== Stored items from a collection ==
• • • •
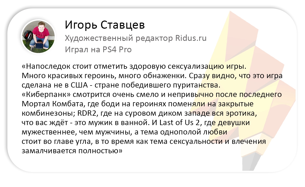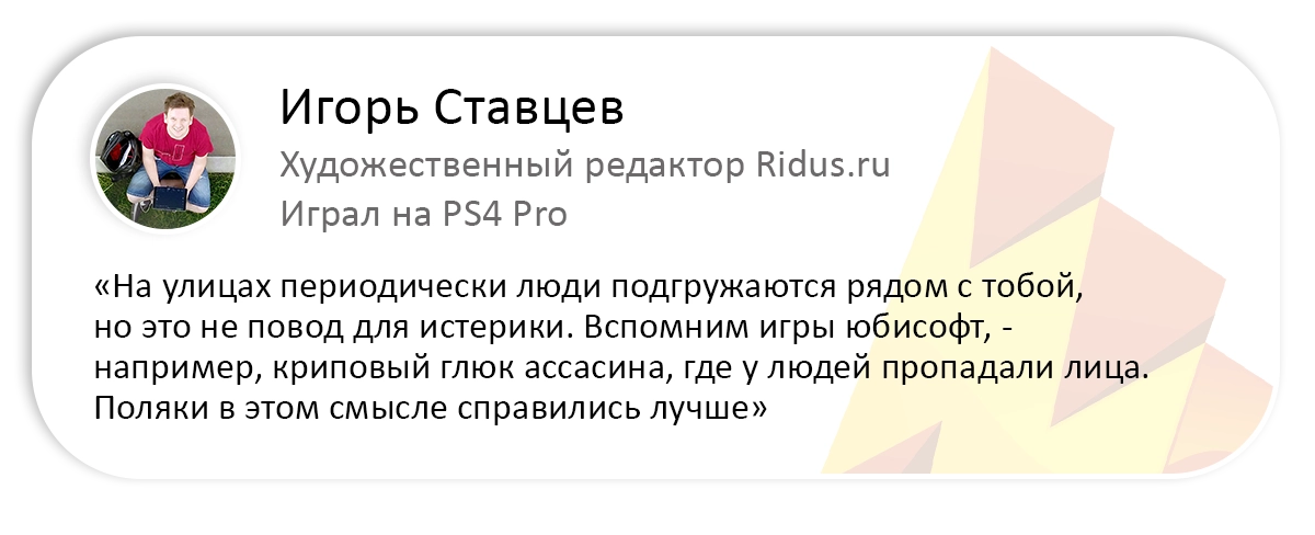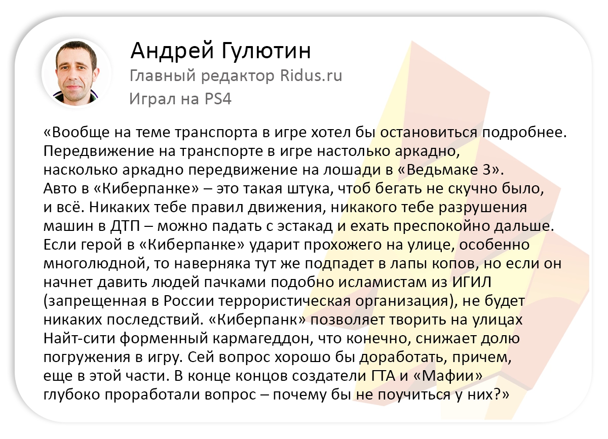Казалось бы, ситуация чудовищная, и это провал. Но нет, всё-таки мы действительно получили прецедент года, настоящий медиавирус, популярность которого будет лишь нарастать — и, скорее всего, Cyberpunk 2077 получит в итоге статус культового проекта. Почему «Ридус» так считает и почему не стоит судить игру по запуску — подробно объясняем всей редакцией: наши сотрудники лично испытали на себе все прелести и недостатки игры.
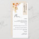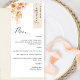 Porquê gastar cartões de lugar e cartões de menu quando pode ter um Menu elegante All-in-one personalizado com cada nome de convidado! Design contemporâneo, simples e elegante com detalhes florais de cor d'água refinados numa bela mistura de pêssego, laranja, escamudo, coral empoeirado, creme e tons de champanhe. Elementos modernos de caligrafia escrita à mão. Estique no canto superior direito em tom de creme de champanhe com nome de convidado a preto. De volta no mesmo creme de champanhe que a listra. Capacidade de alterar ambas as cores de distribuição ou vice-versa selecionando "personalizar mais". NOTA: adicione um nome de convidado a cada menu, adicione um menu no carrinho de compro; depois volte ao menu, adicione o segundo nome de convidado e adicione o menu para comprar o carrinho...continue com este processo com todos os nomes de convidados na sua lista. Zazzle não recebe listas de nomes de convidados para o impressão. Para primeiros nomes de convidado curtos, adicione com sua barra de espaço do teclado alguns "espaços" vazios antes do nome ao centro. Design disponível em uma variedade de opções de cores. Parte da nossa coleção "Peach Floral Delight in Cream Champagne" com uma variedade de produtos de coordenação disponíveis. Visite a coleção inteira em: https://www.zazzle.com/collections/peach_floral_delight_and_cream_champagne-119627301812293761
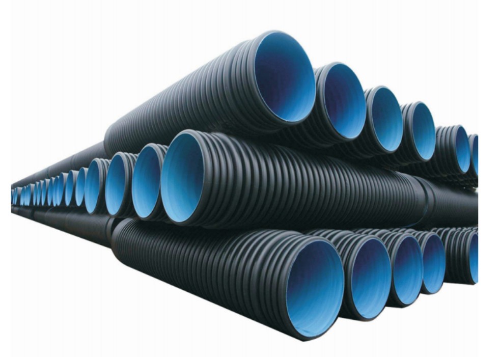 HDPE双壁波纹管是以HDPE(高密度聚乙烯)为主要原料,分别由内、外挤出机共同挤出,一次成型,内壁平滑,外壁呈梯形波纹状,内外壁之间有夹壁空心层的塑料管材。管壁截面和扩口为双层结构 ,其内壁光滑平整,外壁为等距排列的具有梯形中空结构的管材。
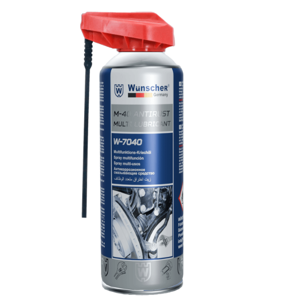 Το Wünscher M-40 Antirust Multi Lubricant είναι πολυχρηστικό λιπαντικό και αντισκωριακό σπρέι, σχεδιασμένο για λίπανση, καθαρισμό και προστασία από τη διάβρωση. Διεισδύει σε σκουριασμένα σημεία, απομακρύνει υγρασία, απελευθερώνει μπλοκαρισμένα εξαρτήματα και εξασφαλίζει ομαλή λειτουργία κινούμενων μερών. Παράλληλα προστατεύει από βραχυκυκλώματα και ρεύματα διαρροής.
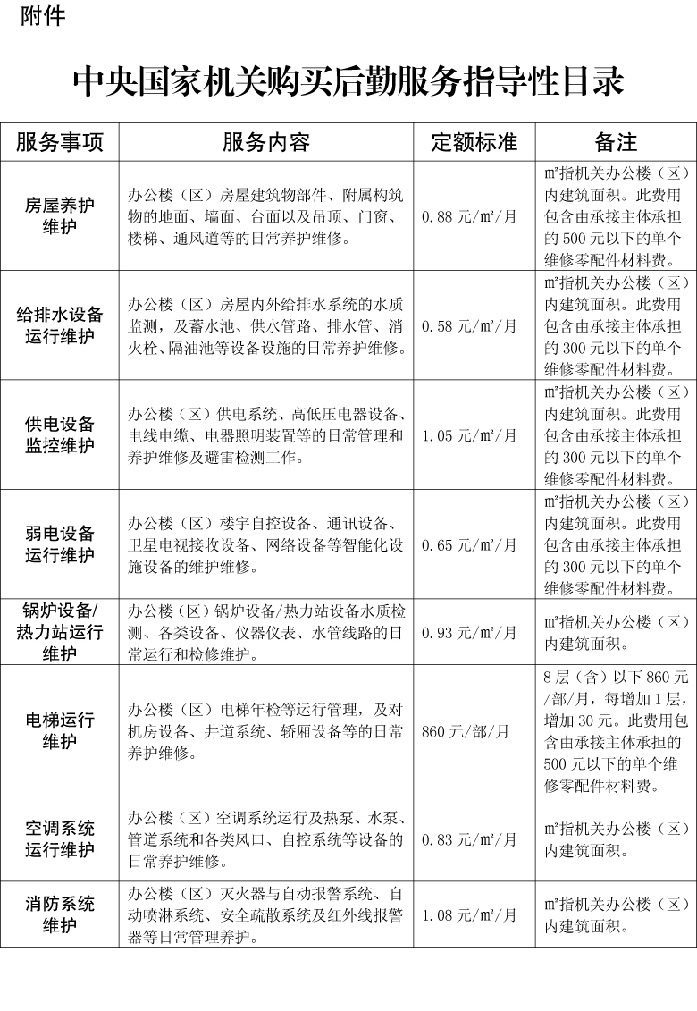 第七条 购买后勤服务指导性目录主要包括:物业服务(房屋养护维护、给排水设备运行维护、供电设备监控维护、弱电设备运行维护、锅炉设备/热力站运行维护、电梯运行维护、空调系统运行维护、消防系统维护、保洁服务、绿化服务)、办公家具维修服务、安全保卫服务、餐饮服务、传达收发服务、会议服务、文印服务等。
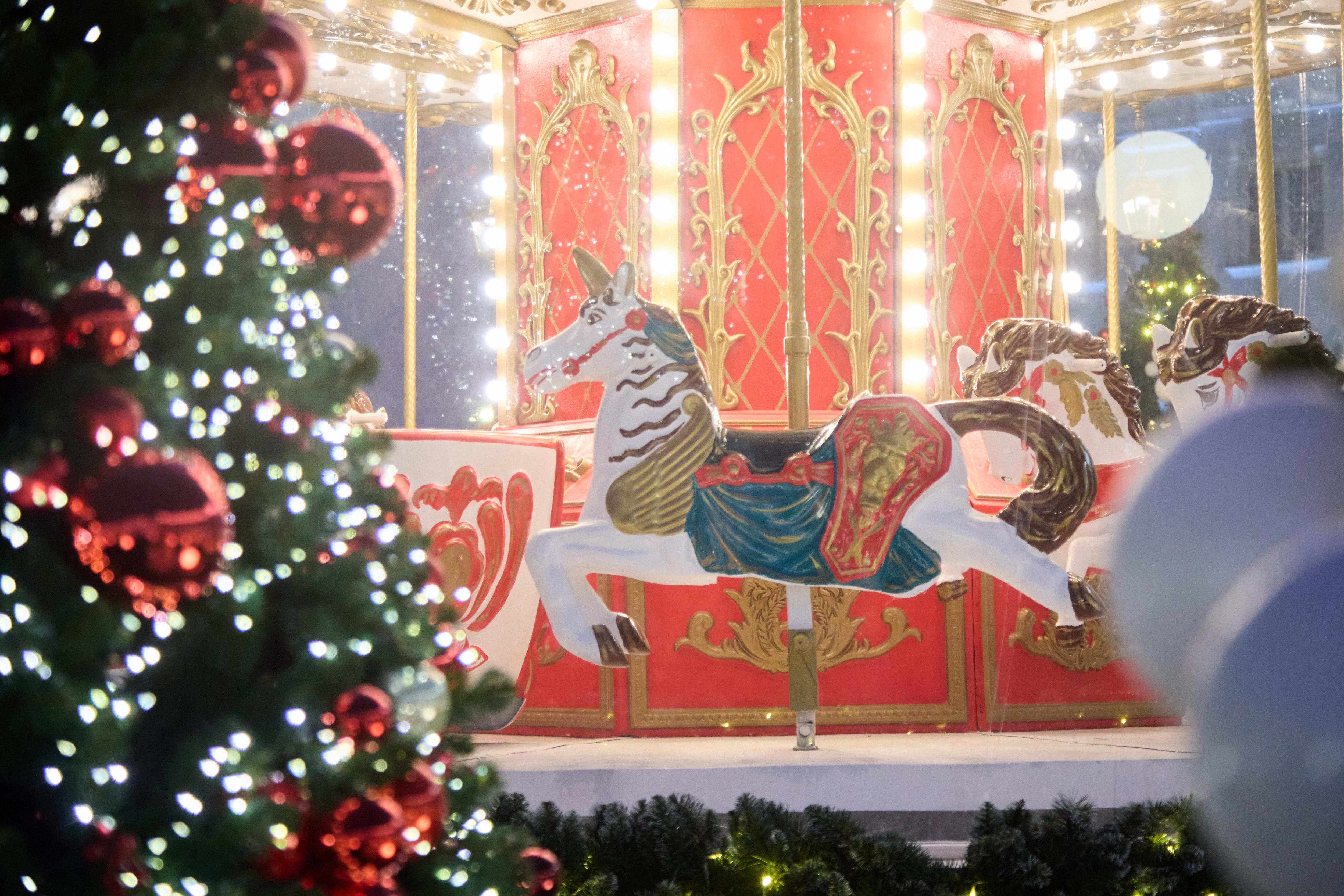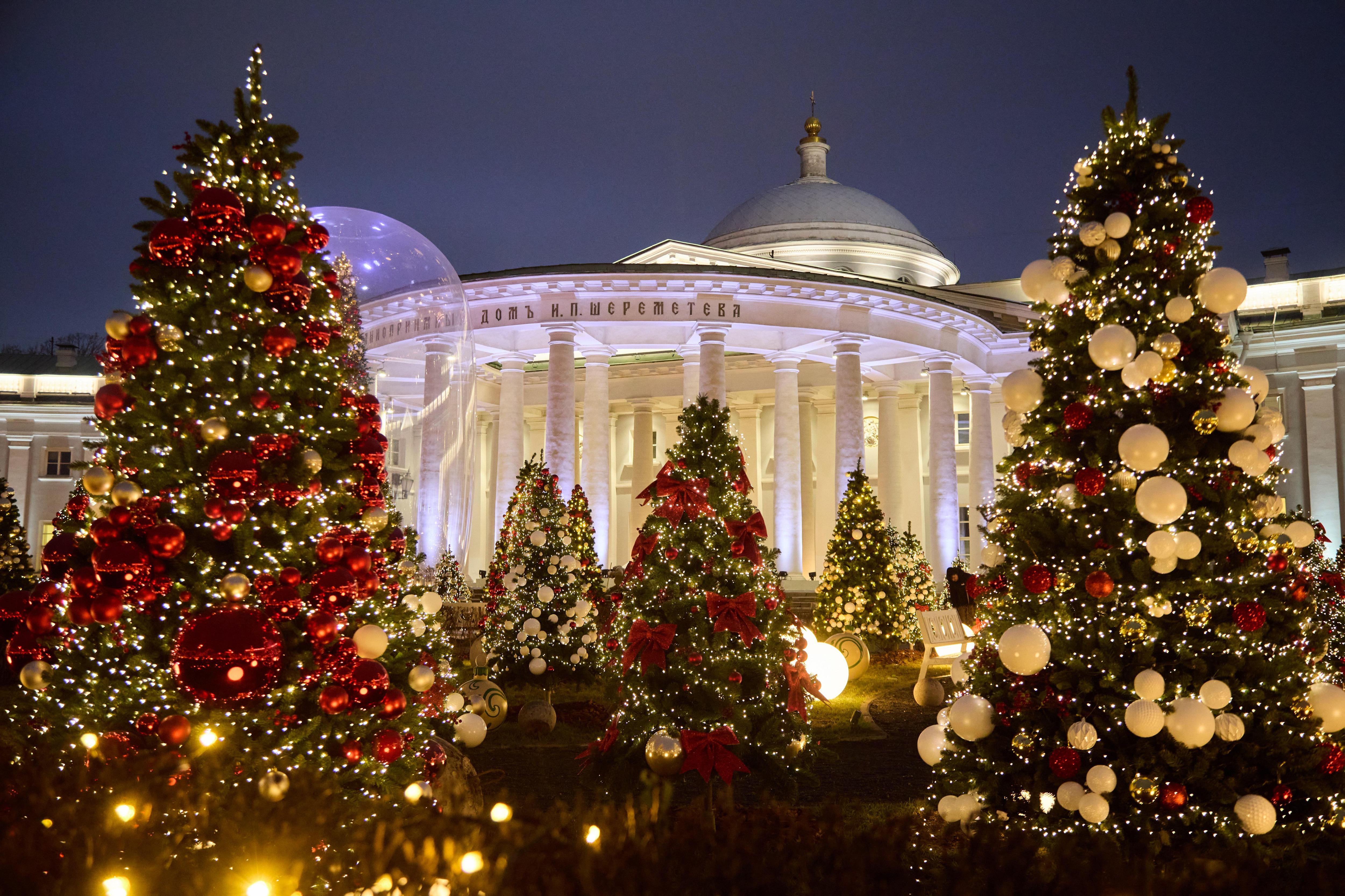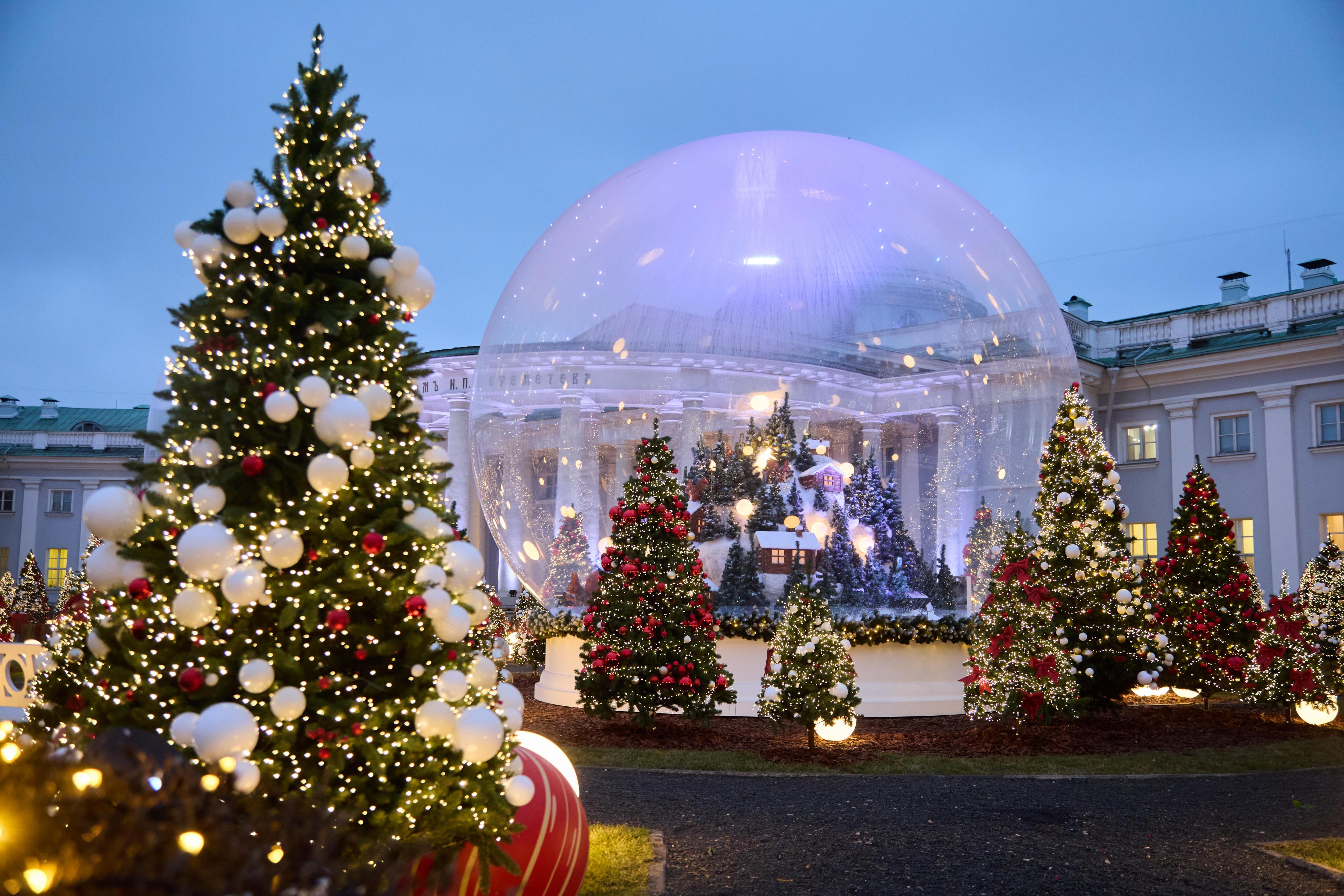 В саду НИИ скорой помощи имени Н.В. Склифосовского царит праздничная атмосфера. Здесь установили купольные инсталляции, внутри которых — карусели, домики и заснеженный лес. Кроме того, на территории поставили елки, украшенные яркими шарами и гирляндами.
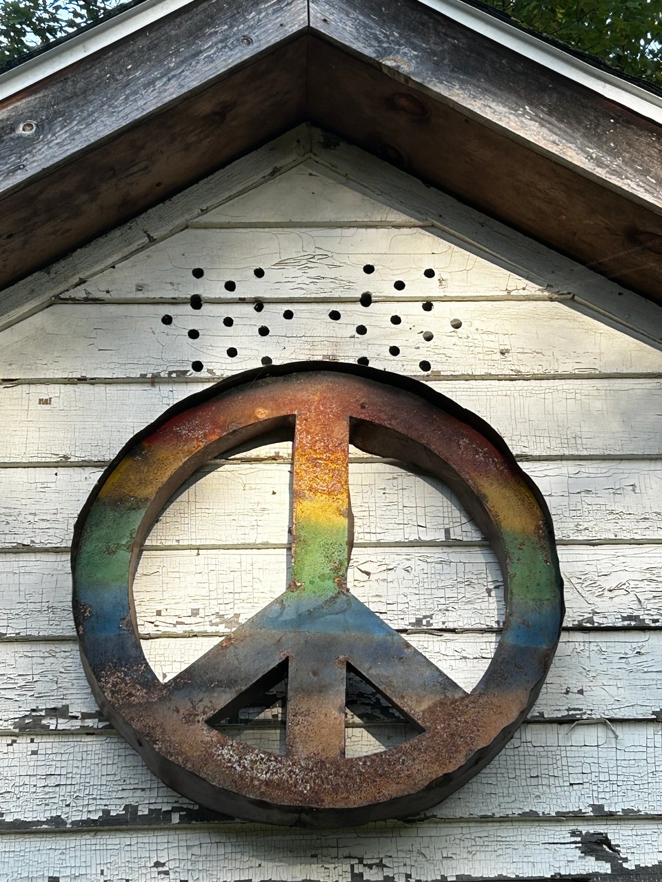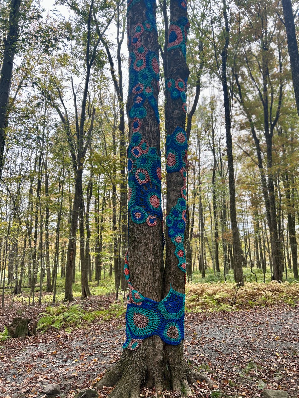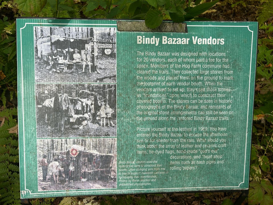 We did not go inside or visit the museum, but we walked around the grounds. You can’t walk around where the concert actually took place, which was a bit of a disappointment. But, I went inside and asked if we could walk around on the Bindy Trails, which are located in the woods where the concert goers set up tables and sold their arts and crafts. And the very nice woman at the front desk said yes. The trails were just newly maintained, and we enjoyed walking through the woods and looking at all of the crochet yarn bombing on the trees. I could definitely imagine the makeshift shops all along the trails and what the vendors sold. As someone who does shows on a regular basis, the freedom of this arrangement is very alluring.
• • • •
== How to complete this task ==
From the line containing "В саду НИИ скорой" to the last line of the records above, return each line exactly, both ends included, and nothing more. Leave out the pictures.

== Reply ==
 В саду НИИ скорой помощи имени Н.В. Склифосовского царит праздничная атмосфера. Здесь установили купольные инсталляции, внутри которых — карусели, домики и заснеженный лес. Кроме того, на территории поставили елки, украшенные яркими шарами и гирляндами.
 We did not go inside or visit the museum, but we walked around the grounds. You can’t walk around where the concert actually took place, which was a bit of a disappointment. But, I went inside and asked if we could walk around on the Bindy Trails, which are located in the woods where the concert goers set up tables and sold their arts and crafts. And the very nice woman at the front desk said yes. The trails were just newly maintained, and we enjoyed walking through the woods and looking at all of the crochet yarn bombing on the trees. I could definitely imagine the makeshift shops all along the trails and what the vendors sold. As someone who does shows on a regular basis, the freedom of this arrangement is very alluring.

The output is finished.